Carbenicillin to 25 µg/ml final concentration
IPTG to 1 mM final concentration

Plates are poured fresh 1-3 days before use.

Feeding Protocol (from Kamath et al. (2000) Genome Biology, 2, 1-10):

1. Pick and grow bacteria 6 hours - overnight (but no longer than 18 hours) in LB + 50 µg/ml ampicillin, seed onto NGM agar plates including additives (above). (Do not add IPTG or tetracycline to the liquid culture, as this will reduce the RNAi effect.). Bacterial cultures grown shorter times (6 hours) sometimes give better results. The lawn quality is improved if the culture is dried quickly by leaving the lids off for about 20 minutes after seeding, but we don't know if this affects the RNAi effect. We also have anecdotal evidence that plates poured at least 1 week before use work better than freshly poured plates.

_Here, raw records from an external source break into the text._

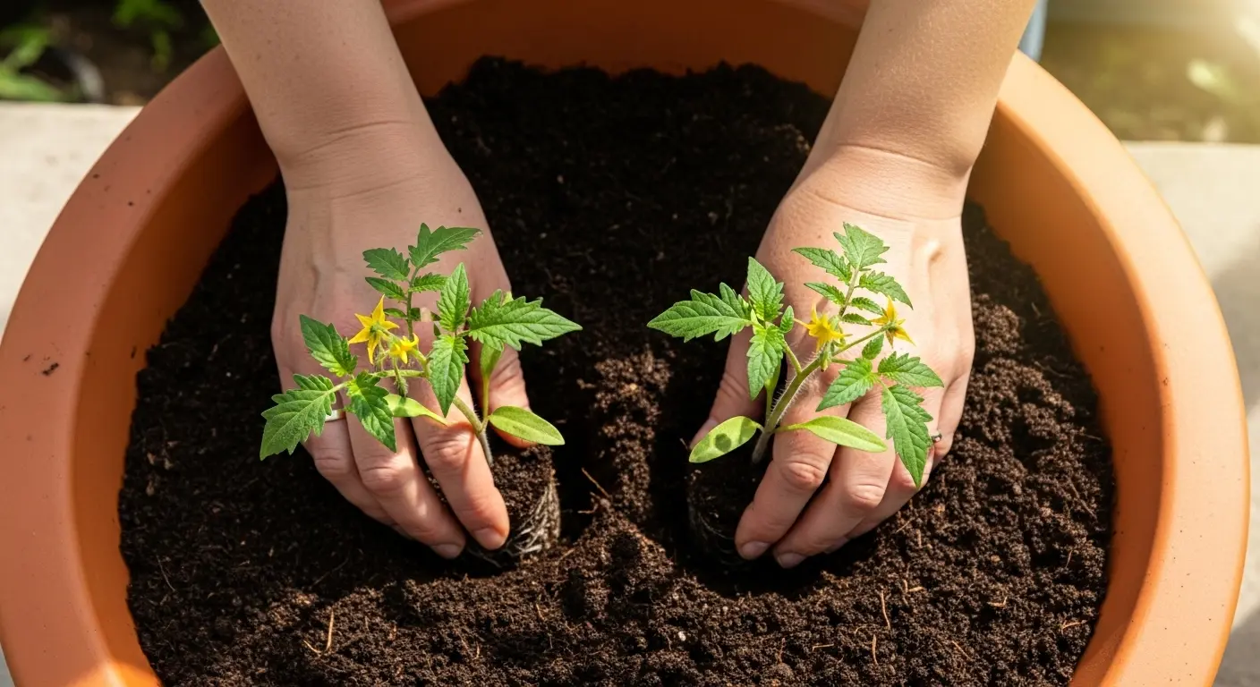 いよいよ苗の植え付けです。2株を1つのプランターに植える際には、いくつかの重要なコツがあります。これを知っているかどうかで、後の管理のしやすさや病気の発生率が大きく変わってきます。まず、2株の株間(かぶま)、つまり苗と苗の間隔は30~40cmほどあけましょう。株間が狭すぎると、葉が茂ったときに風通しが悪くなり、病害虫の温床になってしまいます。次に、ポットから苗を優しく取り出します。このとき、根鉢(ねばち)と呼ばれる根と土が固まった部分は、絶対に崩さないように注意してください。根を傷つけると、苗が弱る原因になります。そして、ここがプロの技。ミニトマトの花房は、必ず同じ方向に付く性質があります。この性質を利用し、2株の花房がそれぞれプランターの外側を向くように配置して植え付けます。こうすることで、実がプランターの外側に向かって育つため、株の中心が混み合わず、日当たりと風通しが確保できます。さらに、収穫作業も格段にしやすくなるのです。植える深さは、ポットの土の表面がプランターの土の高さと同じか、少し高くなるくらいの「浅植え」が基本です。植え付けが終わったら、プランターの底から水が流れ出るまで、たっぷりと水を与えてください。
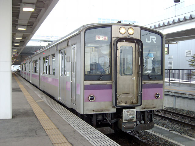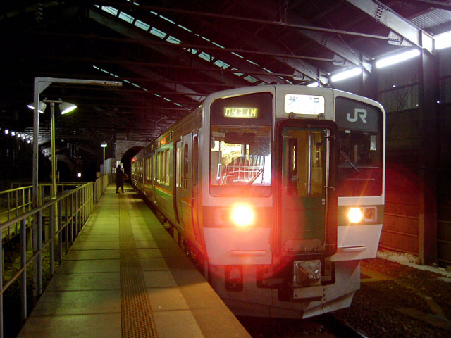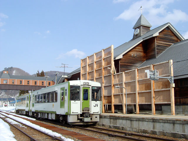 ほっとゆだ駅ですれ違いの列車を待つキハ100型。力強い走りを見せる、JR東日本の自慢の汽車である。その実力故に、こいつによって引退を余儀なくされる古い汽車が後を絶たず、汽車マニアには目の敵にされる事もある(^^; ほっとゆだ駅は駅舎内に温泉があり、途中下車するにはうってつけの駅だ。 (ほっとゆだ駅にて 2003.03.16) |
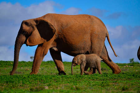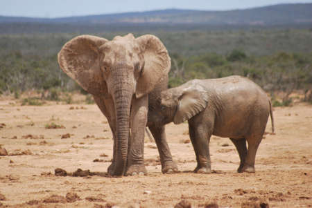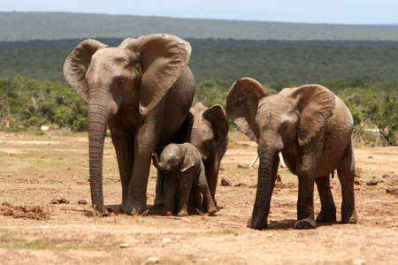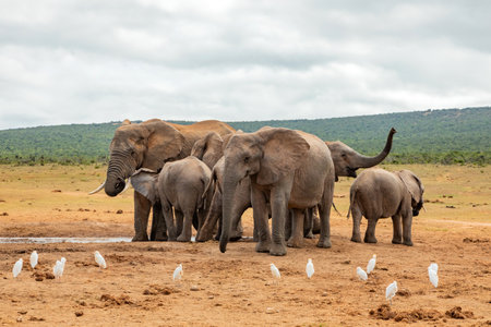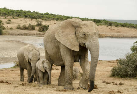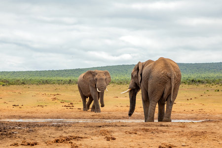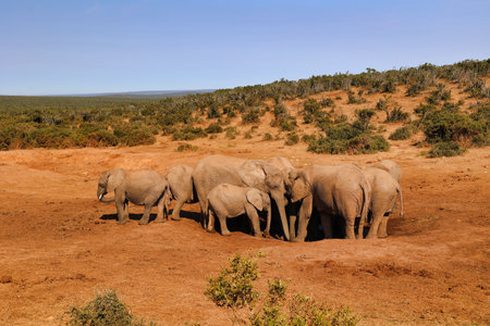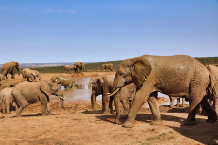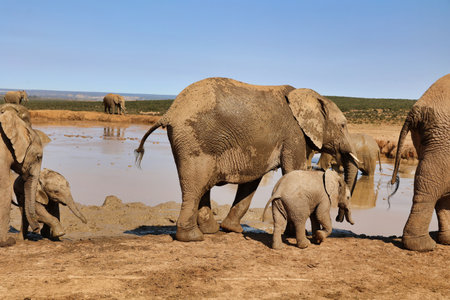 Family elephants walking in Addo Elephant National Park near the pool in summer season. Addo NP is located in Eastern Cape, near Port Elizabeth, South Africa is a famous destination for African safari
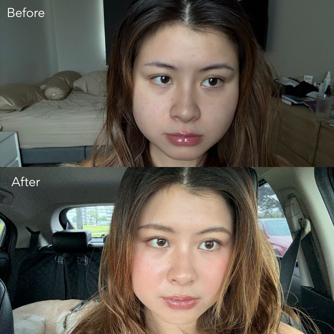 Blurs imperfections instantly for a polished, camera-ready look. No filter needed.

2. Let dry and induce overnight at room temperature.

3. The following day, transfer an L4-stage hermaphrodite onto first plate, minimizing the amount of OP50 bacteria transferred (we usually wash worms in M9 buffer and then aliquot them directly onto plates). Leave 72 hours at 15°C (or 36-40 hours at 22°C) for RNAi to take effect, then replica plate adult onto another plate seeded with the same bacteria. After 24 hours, remove the adult from the replica and score the progeny for phenotypes. Alternatively, aliquot embryos or larvae onto the feeding plates and score them later. 

4. Note on temperature:
We have observed that some genes give different phenotypes at 15°C vs 22°C; thus, it may be worthwhile to test a given gene using both conditions.